Then great-uncle Philip died, and his carload of books came to us. He had been a college professor, and years ago when Andrew was a boy Uncle Philip had been very fond of him—had, in fact, put him through college. We were the only near relatives, and all those books turned up one fine day. That was the beginning of the end, if I had only known it. Andrew had the time of his life building shelves all round our living-room; not content with that he turned the old hen house into a study for himself, put in a stove, and used to sit up there evenings after I had gone to bed. The first thing I knew he called the place Sabine Farm (although it had been known for years as Bog Hollow) because he thought it a literary thing to do. He used to take a book along with him when he drove over to Redfield for supplies; sometimes the wagon would be two hours late coming home, with old Ben loafing along between the shafts and Andrew lost in his book.
I didn’t think much of all this, but I’m an easy-going woman and as long as Andrew kept the farm going I had plenty to do on my own hook. Hot bread and coffee, eggs and preserves for breakfast; soup and hot meat, vegetables, dumplings, gravy, brown bread and white, huckleberry pudding, chocolate cake and buttermilk for dinner; muffins, tea, sausage rolls, blackberries and cream, and doughnuts for supper—that’s the kind of menu I had been preparing three times a day for years. I hadn’t any time to worry about what wasn’t my business.
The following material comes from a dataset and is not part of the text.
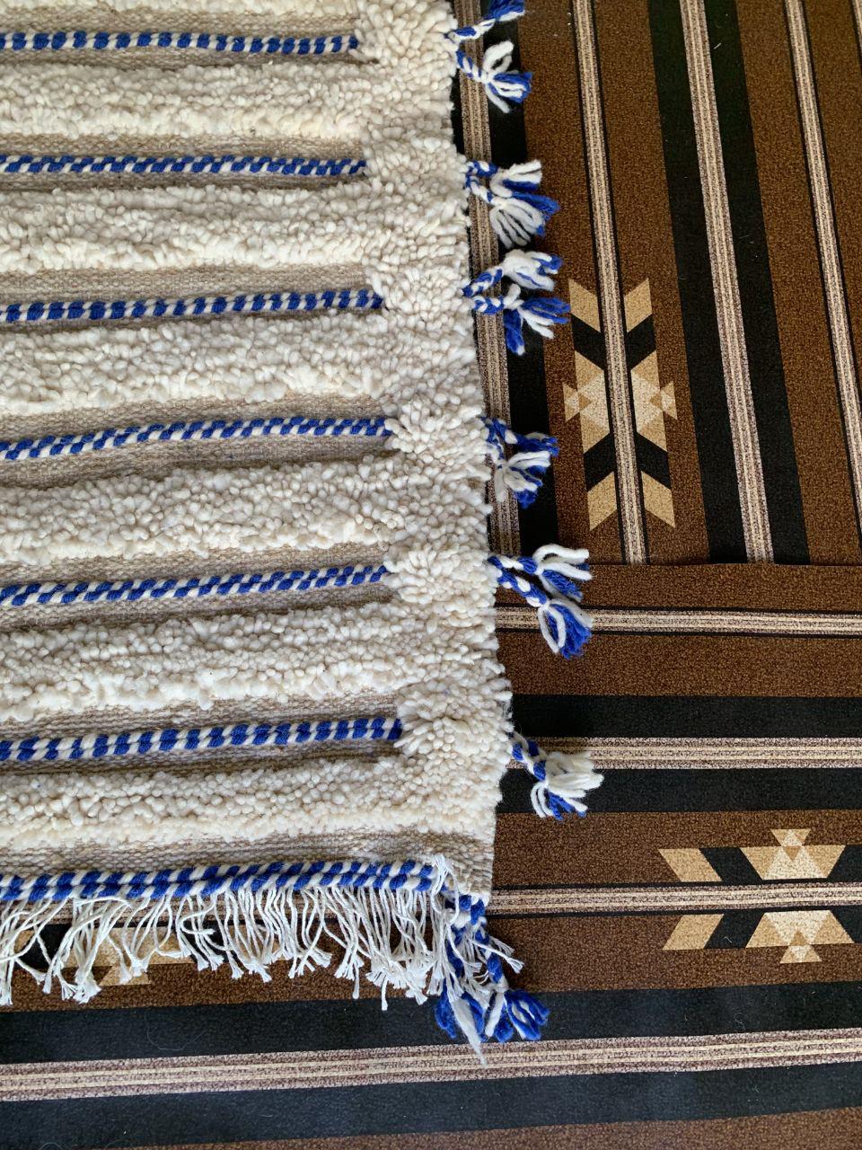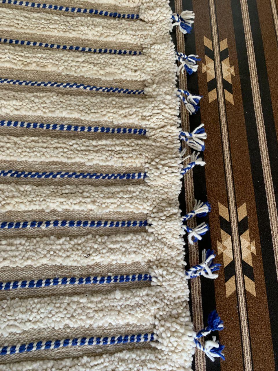A Moroccan Berber Colorful rug is a traditional handwoven floor covering that originates from the indigenous Berber people of Morocco. These rugs are known for their intricate patterns and bold, geometric designs, which are created using a variety of natural dyes and High-quality Wool. Moroccan boujad rugs are versatile and can be used to add a touch of bohemian chic to any room, from a living room or bedroom to a home office or entryway. They are durable and easy to maintain, making them a practical choice for high-traffic areas. Whether you're looking to add a pop of color to your space or create a warm and welcoming atmosphere, a Moroccan Berber rug is a great choice. 📌 Shipping: insured, trackable, Fast, and FREE Worldwide by FedEx or DHL (2 to 5 days delivery). ❖ Cleaning: all rugs are carefully cleaned before shipping. ❖ Colors: Please take a look at the pictures. ❖ Texture: Moroccan / soft / Shag. ❖ Technique: Hand-Knotted ❖ Construction: Handmade ❖ Location: Indoor Use Only ❖ Material: Your order is made entirely by hand from natural wool, which means there will be natural (and beautiful) variations in pattern and color. Wool shrinks. ❖ Pattern: Because the product is handcrafted, the pattern and Colors may vary slightly from one piece to another. ❖ Size: While we try our best to ensure consistent sizing, it is possible for final sizes to vary by a few inches more or less. ❖ Tassels: One side is the Traditional way of making the rugs. 📌Ships tightly rolled in a protective bag. Any slight creasing will disappear within a few days. Shedding loose fibers is normal with new rugs. Shedding will diminish with regular vacuuming. If you have any questions or queries, please feel free to contact me via messages. Custom Sized best Tassels selling carpet,Tassels rug moroccan rug wool white,handmade rug Tassels moroccan rugaziz

And then one morning I caught Andrew doing up a big, flat parcel for the postman. He looked so sheepish I just had to ask what it was.
“I’ve written a book,” said Andrew, and he showed me the title page—
Paradise regained
by
Andrew McGILL
Even then I wasn’t much worried, because of course I knew no one would print it. But Lord! a month or so later came a letter from a publisher—accepting it! That’s the letter Andrew keeps framed above his desk. Just to show how such things sound I’ll copy it here:
Decameron, Jones and company
publishers
Union square, new York
January 13, 1907.
Dear Mr. McGILL:
We have read with singular pleasure your manuscript “Paradise Regained.” There is no doubt in our minds that so spirited an account of the joys of sane country living should meet with popular approval, and, with the exception of a few revisions and abbreviations, we would be glad to publish the book practically as it stands. We would like to have it illustrated by Mr. Tortoni, some of whose work you may have seen, and would be glad to know whether he may call upon you in order to acquaint himself with the local colour of your neighbourhood.
We would be glad to pay you a royalty of 10 percent upon the retail price of the book, and we enclose duplicate contracts for your signature in case this proves satisfactory to you.